Updated: Mar 12
This industry can be a perpetual knockout, if you let it. It's been diligently pounding my face against the pavement for over a decade...but it's made me resilient. Bruised and scarred, sure...but I am still here. I want to share these struggles with you because I want to rise above them - and I want to help you move beyond them faster than I have.
Last Thursday, I had an audition. It went super well. In fact, they clapped for me when it was done. But you know what? I didn't book it. And that is okay for me...now. Before, I would anguish over what I could've done to make them hire me or why, in the end, it wasn't enough. Now, I realize I could have done nothing more than I did. I came in, prepared and confident. I was enough - and so are you in your efforts. In those moments, even when we fail, we're enough. Because we showed up and at least learned something from the experience. Perhaps they will hire a male, someone older, younger, blonde or redhead - and although those descriptors may belong to someone else, our turn is coming. There is room for everyone to have success. To celebrate their win is to celebrate their struggle and, in turn, our own journey.
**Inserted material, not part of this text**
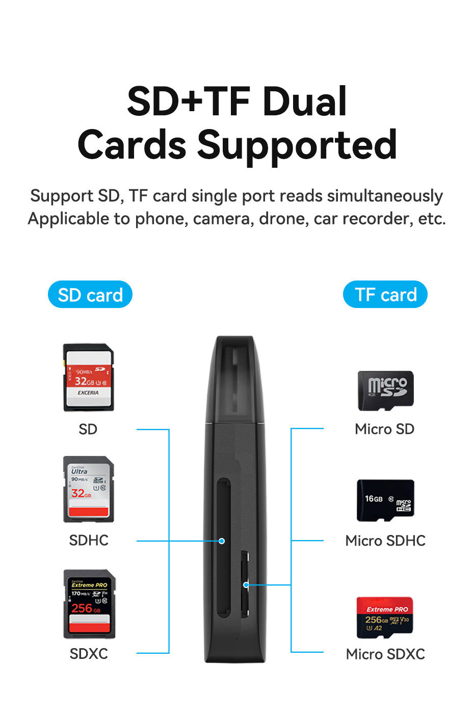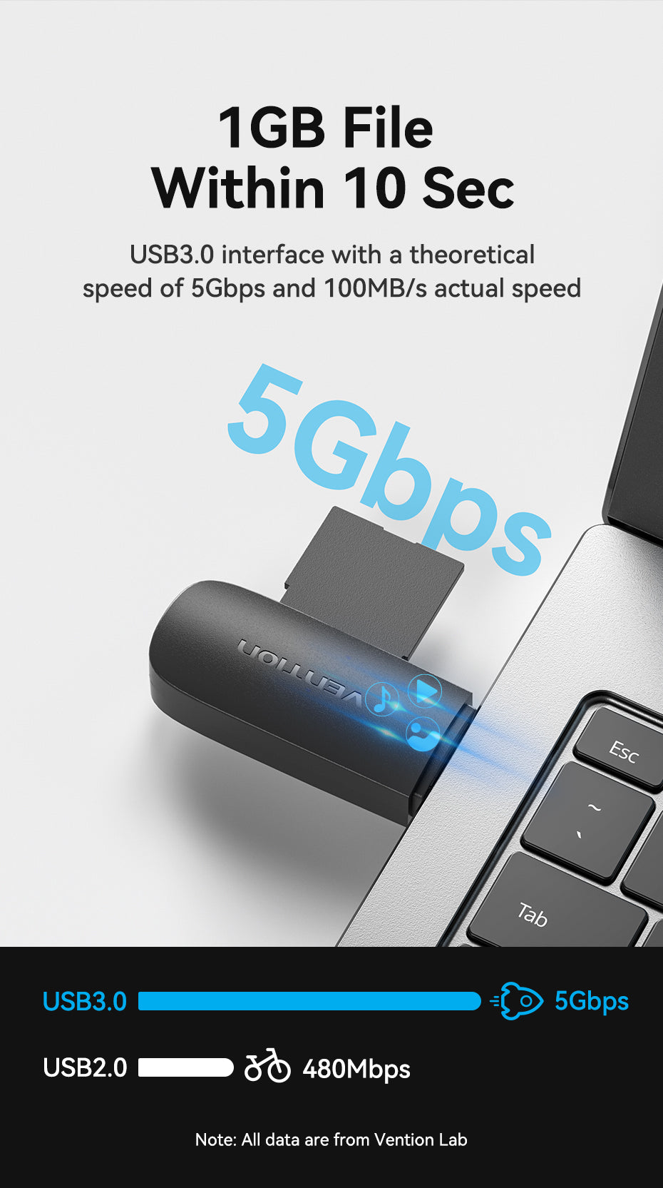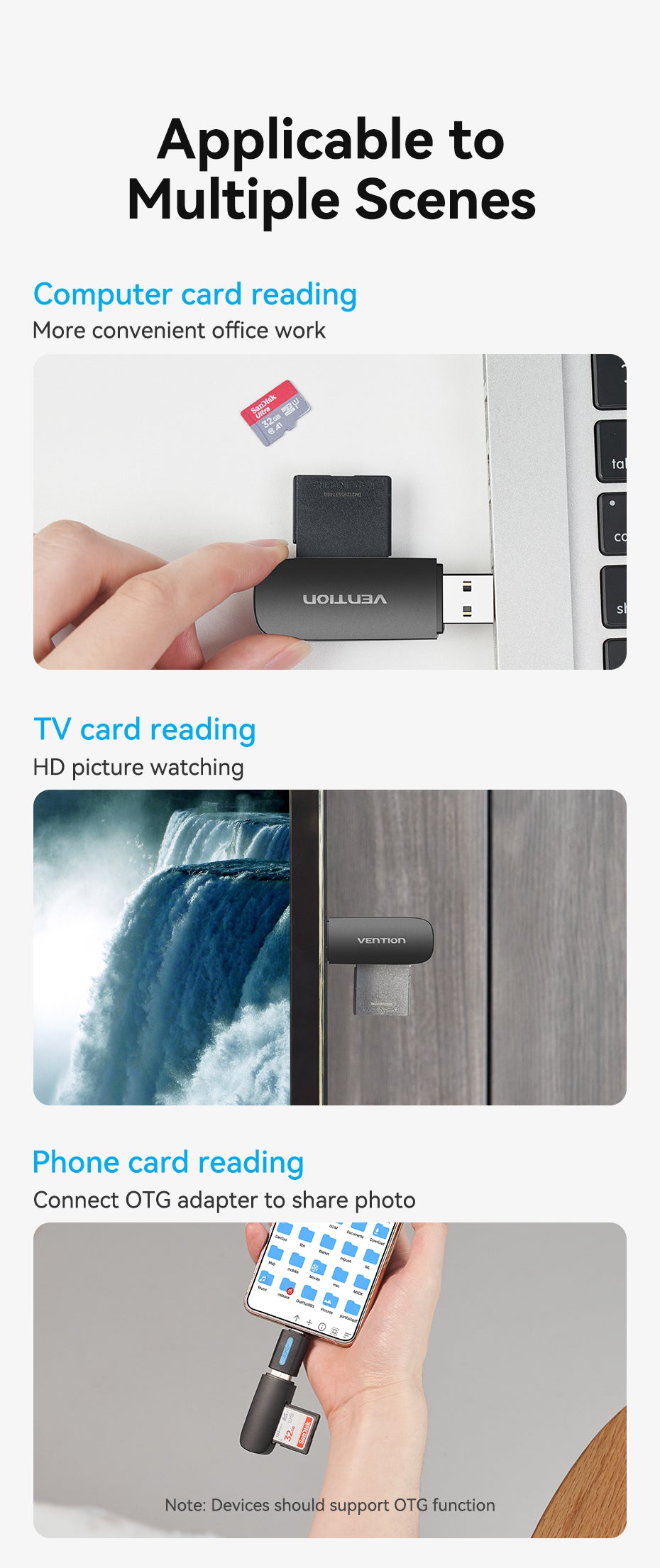 Tính năng Đầu Đọc Thẻ Nhớ 2-in-1 USB 3.0 A Card Reader(SD+TF) VENTION CLF (5Gbps)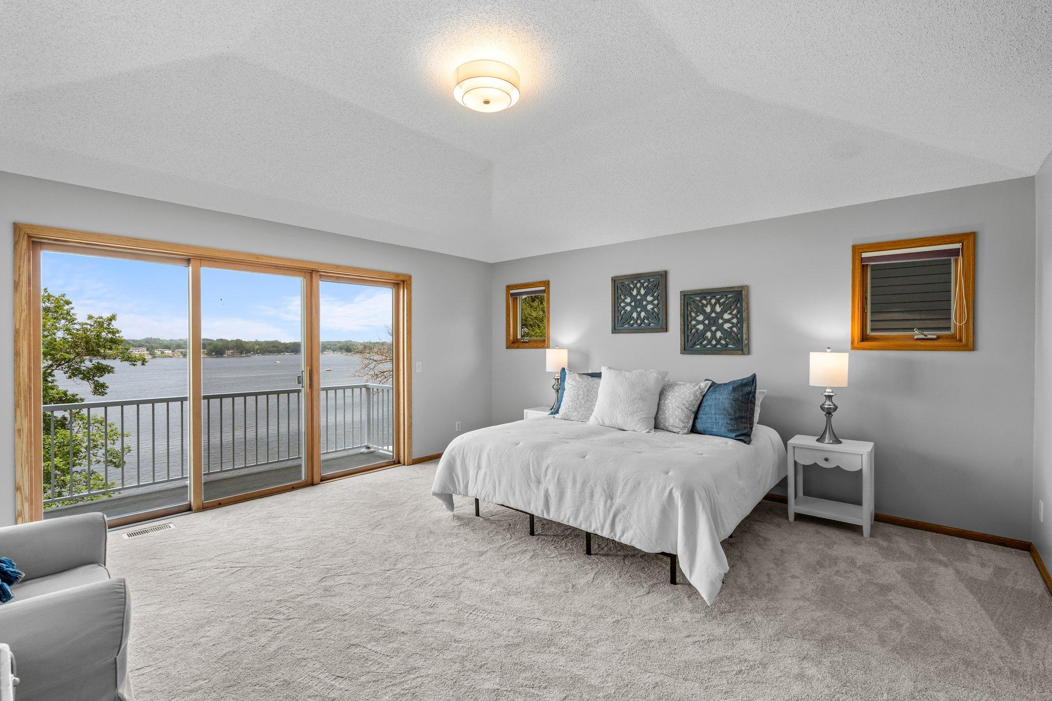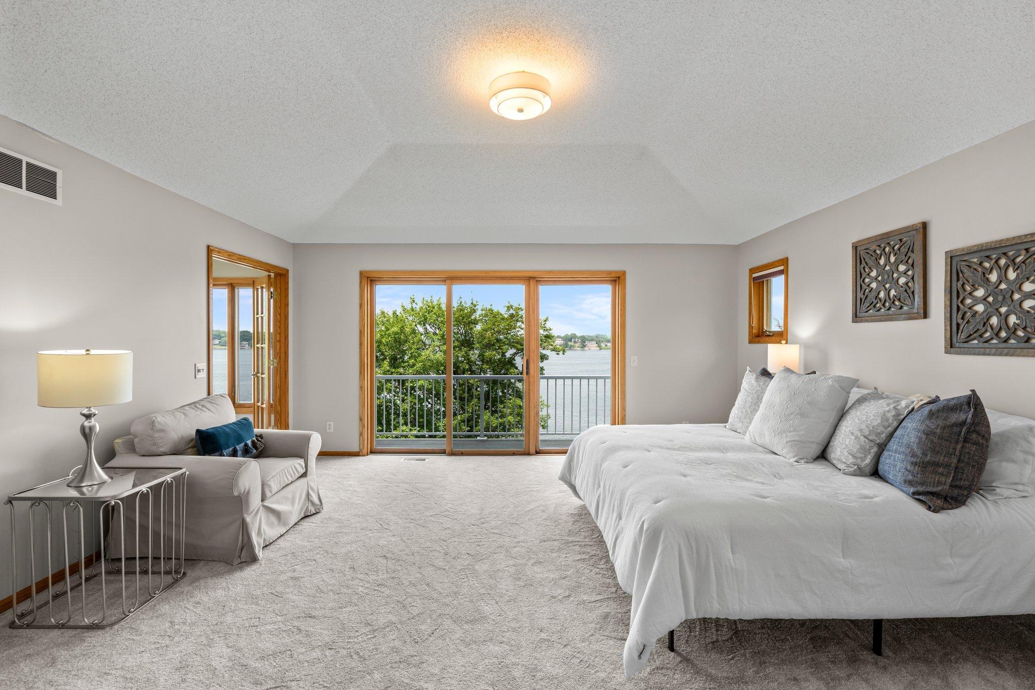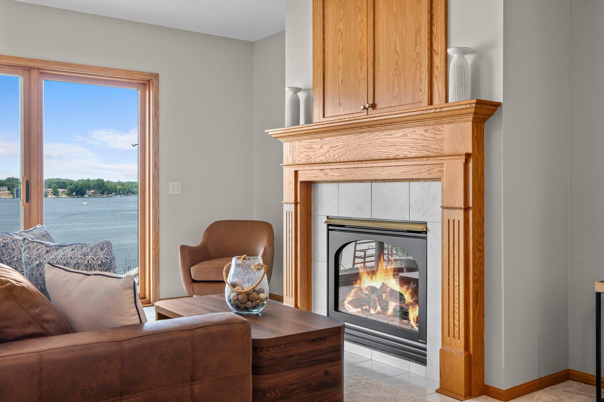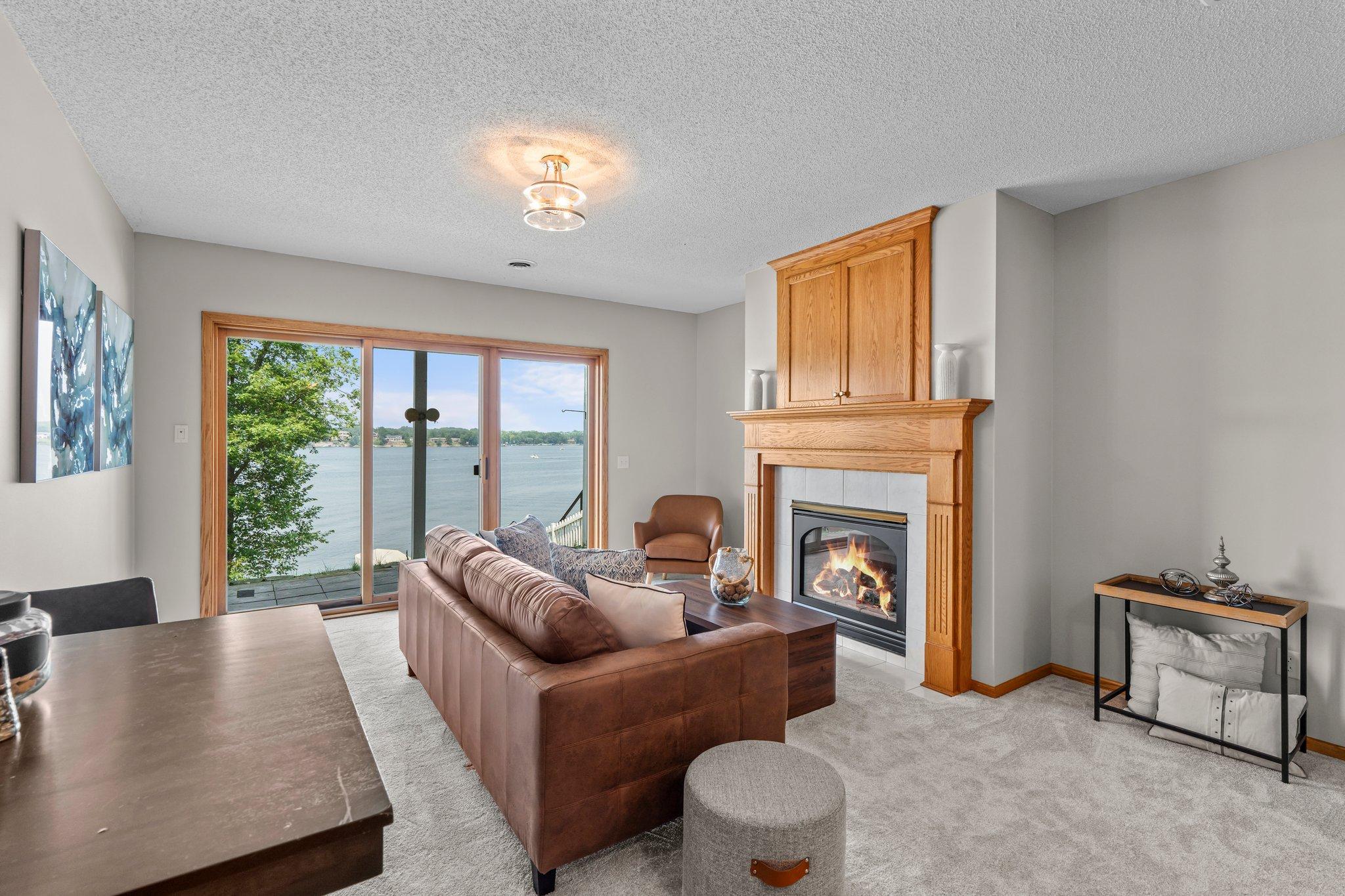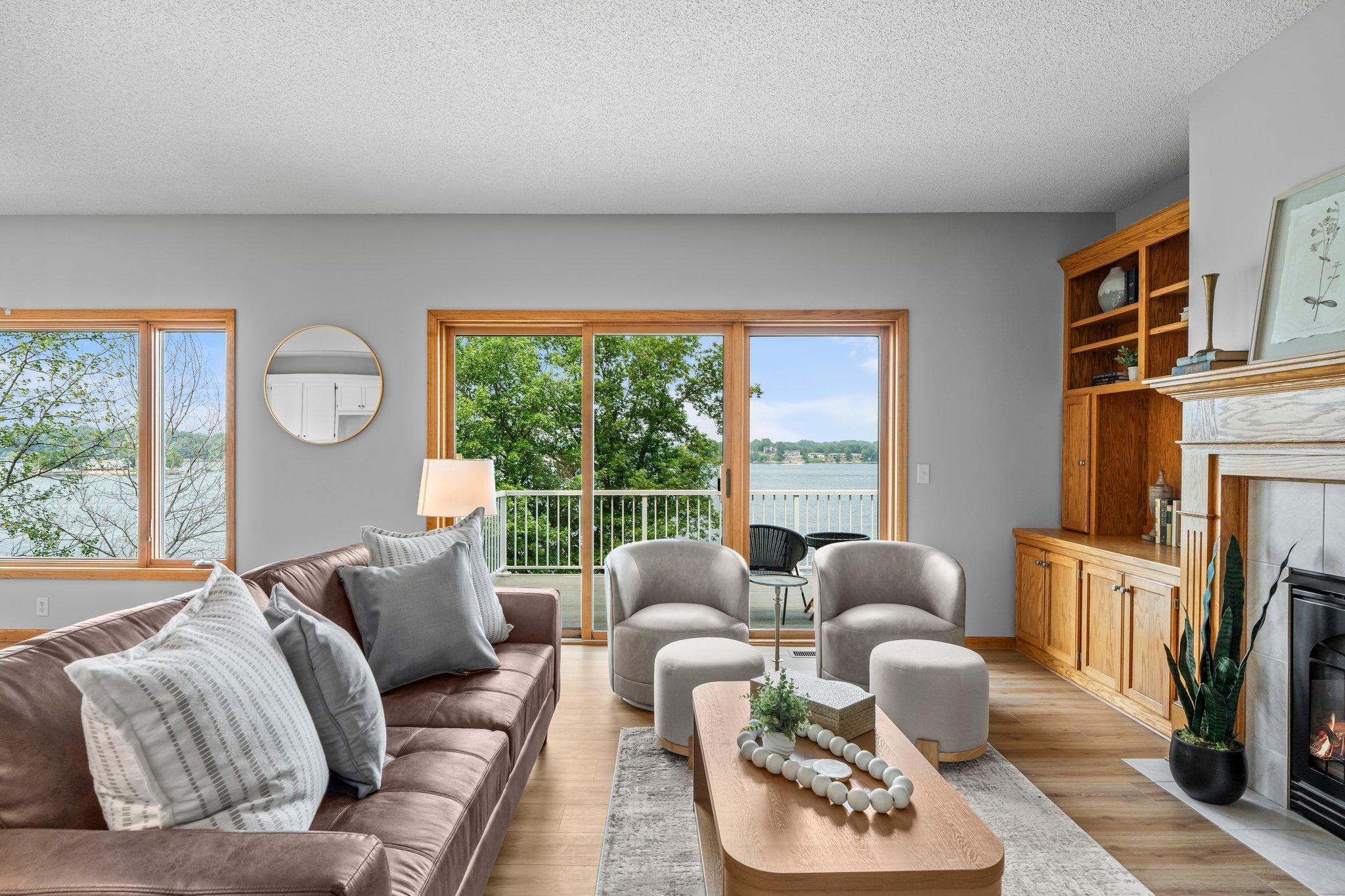 This beautifully updated Prior Lake home boasts 50 feet of sandy shoreline and sweeping lake views from nearly every room. The vaulted entry welcomes you with warm wood flooring that flows through the open main level. A spacious living room features custom built-ins, a cozy gas fireplace, and expansive windows opening to a lakeside deck—perfect for relaxing or entertaining. The kitchen is a showstopper with crisp white cabinetry, stone countertops, stainless steel appliances, tiled backsplash, and a center island with cooktop. An adjoining dining area makes every meal feel special with lake views as the backdrop. Upstairs, the private primary suite is a true retreat—double French doors open to a bright sitting area with new carpet, an ensuite ¾ bath with dual vanity, and a private balcony overlooking the water. A second bedroom, full bath, and open loft provide flexibility for family, guests, or a home office. The walkout lower level extends the living space with a family room and fireplace, an additional bedroom and bath, and a spacious laundry/mudroom—all designed to capture lake views. Outside, enjoy your own sandy beach, dock, and boat lift—easily accessed by stairs or a private lift. Just minutes from lakeside dining at Charlie’s on Prior and the heart of downtown Prior Lake, this home offers an unbeatable blend of luxury, location, and lifestyle.

To celebrate them is to celebrate the continuation of art and the artistic medium.
Sending you all love and encouragement from afar - and celebrating your journey.
I don't know about you, but sometimes I STRUGGLE with trying to find the motivation to do the things that need to be done for success. It's that easy distraction, that extra piece of pie, that problem that is out of my control...but this year, I have found that I am taking firmer control myself. It's been a beast, to be honest, to break those bad habits...but I want more in this life and I can't expect things to change if I don't vary my approach. To do that, I have tried to establish a firm infrastructure to ensure that I have an external accountability as well. And a plan. And specific goals. Specificity is key for me. That's been my main lack - not being specific enough with my goals. Not speaking them aloud. Not celebrating the small successes. Those are the things that I've been doing this year.